2. Что, согласно третьему ордонансу благочестивого короля Людовика XI, всякий, кто не доносит о заговоре против государства подлежит смертной казни;

Комиссары, наряженные его величеством, признали вышеназванных д Эффиа и де Ту виновными в оскорблении величества, а именно:

Вышеназванного д'Эффиа де Сен-Мара в заговорах, преступных замыслах, союзах и договорах, заключенных им с чужеземцами против государства;

Вышеназванного де Ту в том, что он знал об этих деяниях.

В наказание за каковые преступления подсудимые приговариваются к лишению всех званий и прав и к смертной казни посредством отсечения головы на эшафоте, который и будет воздвигнут на площади Терро в здешнем городе;

Объявляется, что все имущество осужденных, движимое и недвижимое, конфискуется и поступает в королевскую казну; а имущество, дарованное королем им лично, также возвращается оной по изъятии из него суммы в шестьдесят тысяч ливров на дела благотворительности.

Выслушав приговор, г-н де Ту воскликнул громким голосом:

— Слава тебе, господи, слава тебе!

— Смерть никогда меня не страшила, — спокойно молвил Сен-Мар.

Тогда, согласно правилам, г-н де Сетон, лейтенант шотландской гвардии, шестидесятишестилетний старик, заявил, что передает узников в руки г-на Томе, старшины лионских купцов, и взволнованно простился с ними; его примеру последовали все стражники, которые молча, со слезами на глазах, подходили к осужденным.

— Не плачьте, — говорил им Сен-Мар, — слезы бесполезны; лучше молитесь за нас и помните, что я не боюсь смерти.

Он пожал им руки, а де Ту обнял их. После чего воины вышли один за другим, с трудом сдерживая слезы и закрывая лицо плащом.

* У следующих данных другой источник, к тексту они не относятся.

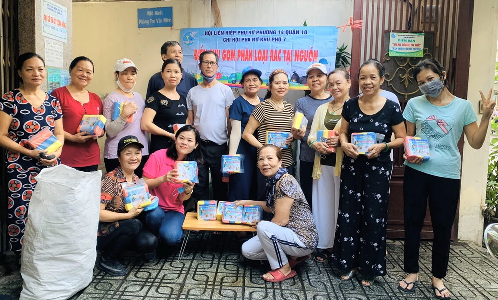 Tại Quận 10, Hội LHPN TP.HCM đã xây dựng “Điểm đổi sản phẩm tái chế”. Cụ thể, người dân đem các chai, bình, ly nhựa đến những điểm này sẽ được đổi lấy gạo. Hội LHPN sẽ dùng các đồ nhựa tái chế, chế tạo thành những vật dụng hữu ích tặng lại cho các hộ dân. Chương trình này nhằm giảm thiểu tối đa rác thải nhựa ra môi trường. Đồng thời, Hội LHPN TP.HCM sẽ tiếp tục duy trì các điểm phân phối túi nylon tự hủy đến từng khu phố, hộ dân.

— Изверги! — воскликнул аббат Кийе. — Ведь в поисках оружия против узников им пришлось прибегнуть к арсеналу тиранов! Но почему меня так поздно допустили к ним!

— Вас допустили в качестве духовника, сударь, — тихо сказал один из комиссаров, — два месяца никому из посторонних, не разрешалось входить сюда…

Как только большие двери были затворены и портьеры опущены, старик Граншан воскликнул:

— Идемте на террасу, ради бога! — И он увлек туда своего хозяина и де Ту. Престарелый священник, хромая, последовал за ними.

— Что тебе надобно от нас в такую минуту? — спросил Сен-Мар с серьезностью, полной снисхождения.

— Взгляните на город, — сказал верный слуга.

Утренняя заря только что окрасила небо. На горизонте появилась ярко-желтая полоса, и на фоне ее резко выступили темно-синие очертания гор; легкий туман еще стоял над Лионом, скрывая кровли домов и окутывая воды Соны и городские цепи, протянутые от одного берега к другому. Свет нарождавшегося дня озарял золотым пламенем лишь колокольни Ратуши и Сен-Низье в Сите, монастыри кармелиток и Девы Марии на окрестных холмах и крепость Пьер-Анзис. Слышался радостный перезвон церковных колоколов в монастырях и селах. Одни тюремные стены хранили молчание.

— На что же прикажешь нам любоваться; — спросил Сен-Мар. — На красоту долин, на богатство городов или на покой этих селений! Увы, друзья мои, повсюду таятся страсти и горести, подобные тем, которые привели нас сюда!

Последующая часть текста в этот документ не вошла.